● Exercise goal
Include the line containing "Το ποσό των" and every line after it up to the end of the material below; reproduce them exactly and drop the pictures.

● Data segment
* * *

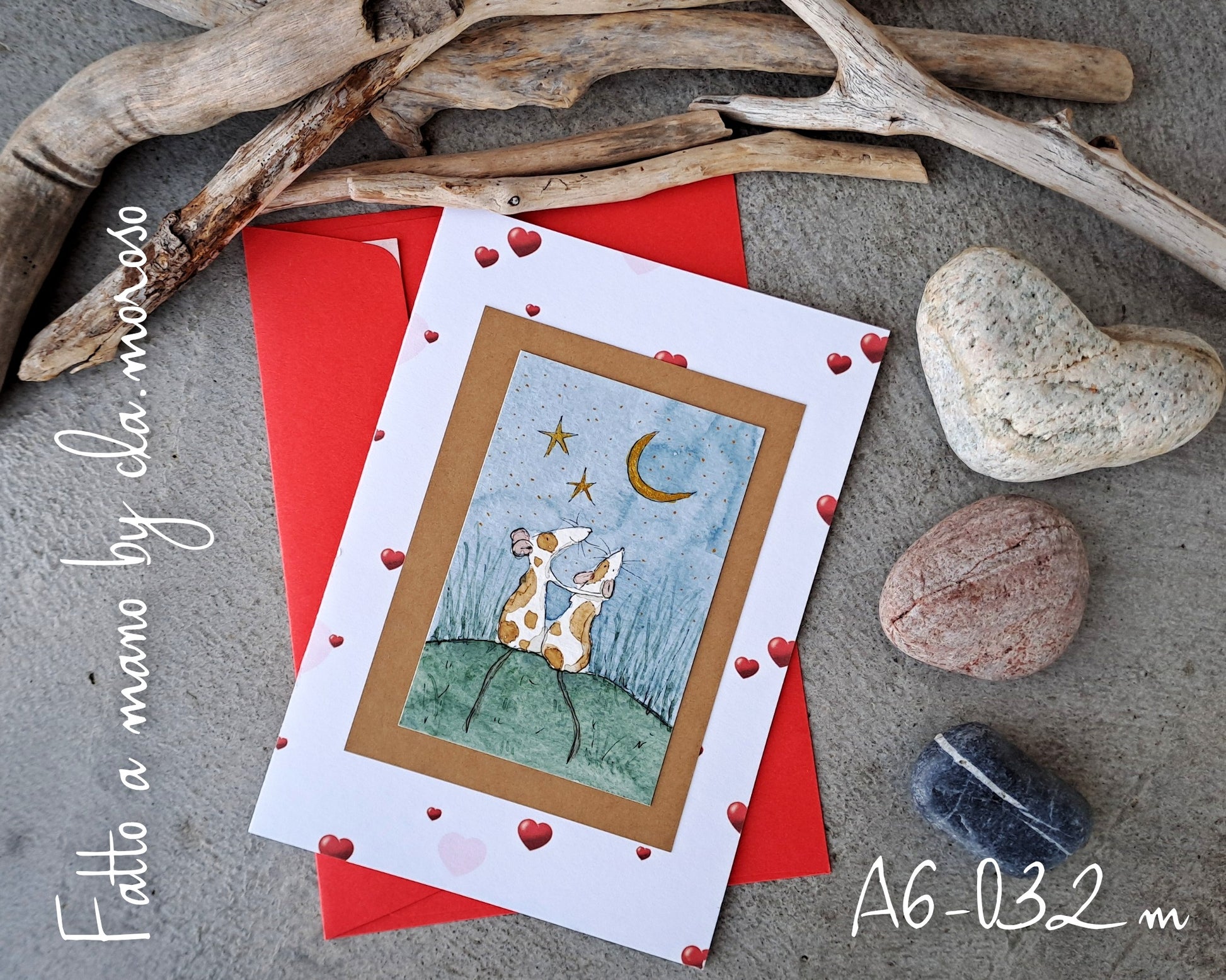 Questo biglietto doppio formato A6 (10,5 x 14,8 cm) in cartoncino pregiato è accompagnato da una busta e presenta un disegno di una coppia di topini realizzato a mano con acquarello e inchiostro. Ogni pezzo è unico, perfetto per regalare un sorriso con un tocco artistico e personale. Un modo simpatico e originale per condividere i tuoi messaggi speciali!
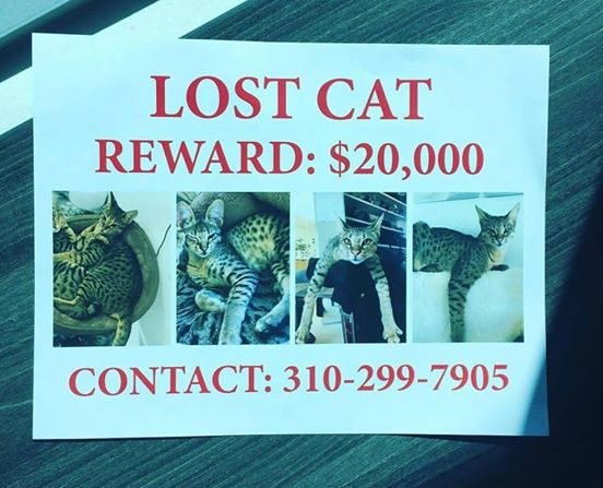 Το ποσό των 20 χιλιάδων δολαρίων δίνει μια γυναίκα, από την περιοχή Marina del Rey, σε αυτόν που θα βρει την αγαπημένη της γάτα, με το όνομα Bentley, που το έσκασε από τη βεράντα του σπιτιού της.
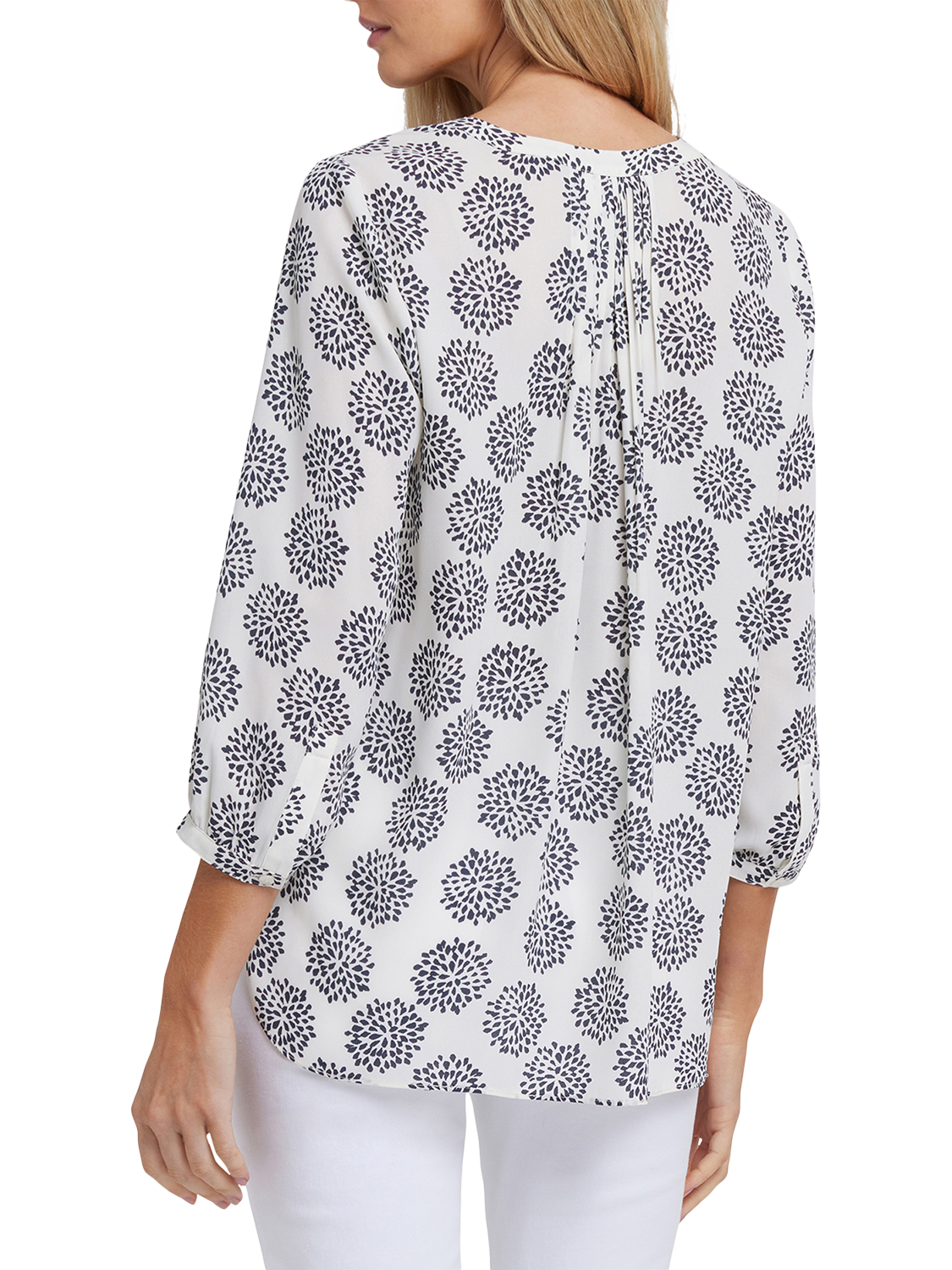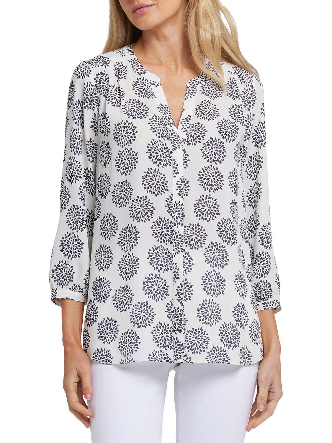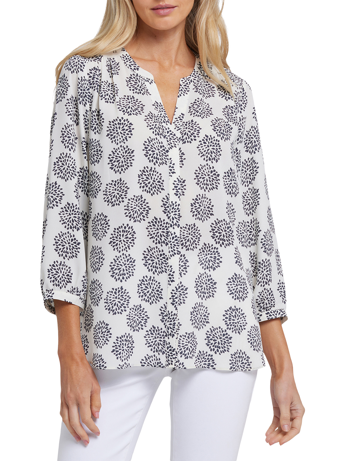 NYDJ's Pintuck Blouse boasts a billowy three-quarter-sleeved silhouette that's perfect when paired with denim styles. Pleating at the back yoke creates a sophisticated yet easy drape. Split round neckline with covered full front placket and button closures.

* * *

● Result
 Το ποσό των 20 χιλιάδων δολαρίων δίνει μια γυναίκα, από την περιοχή Marina del Rey, σε αυτόν που θα βρει την αγαπημένη της γάτα, με το όνομα Bentley, που το έσκασε από τη βεράντα του σπιτιού της.
 NYDJ's Pintuck Blouse boasts a billowy three-quarter-sleeved silhouette that's perfect when paired with denim styles. Pleating at the back yoke creates a sophisticated yet easy drape. Split round neckline with covered full front placket and button closures.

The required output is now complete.